高校数学では、二次方程式の解の性質を判別式を使って調べることがよくあります。ここでは、判別式Dと実数解の関係、さらに特定の解の符号条件との関係について解説します。
判別式Dの意味
二次方程式ax²+bx+c=0の判別式Dはb²-4acで表されます。判別式Dは解の種類を示す指標です。
D>0なら実数の異なる解、D=0なら重解、D<0なら複素数解になります。したがって、α,βが実数であるための必要十分条件はD≥0です。
符号条件と判別式の確認
問題で(α-3)(β-3)<0という条件がある場合、これは解α,βの3に対する位置関係を示しています。つまり、1つの解は3より大きく、もう1つは3より小さいという意味です。

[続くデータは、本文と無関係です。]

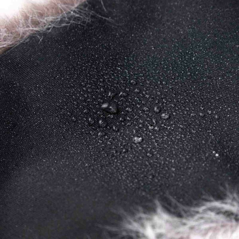 耳当て部分のリサイクルポリエステルのファーは、リアルファーのような色合いと肌触り。

この条件だけでD>0かどうかを確認する必要はない場合があります。符号条件が成立する限り、D<0の複素解では条件を満たさないため、実数解が前提として暗黙に使われています。
具体例で考える
例えばα=3+2i,β=3+6iのように複素解の場合、(α-3)(β-3)=(2i)(6i)=-12<0となり、条件だけ見ると成立してしまうように見えます。しかし、問題文の前提として実数解を想定している場合、このような複素解は考慮されません。
まとめ
二次方程式でD≥0は実数解の必要十分条件です。しかし、問題に符号条件など特定の解の配置が示されている場合、実数解を前提にしてDの確認を省略することがあります。計算や解釈の前提条件を理解することが重要です。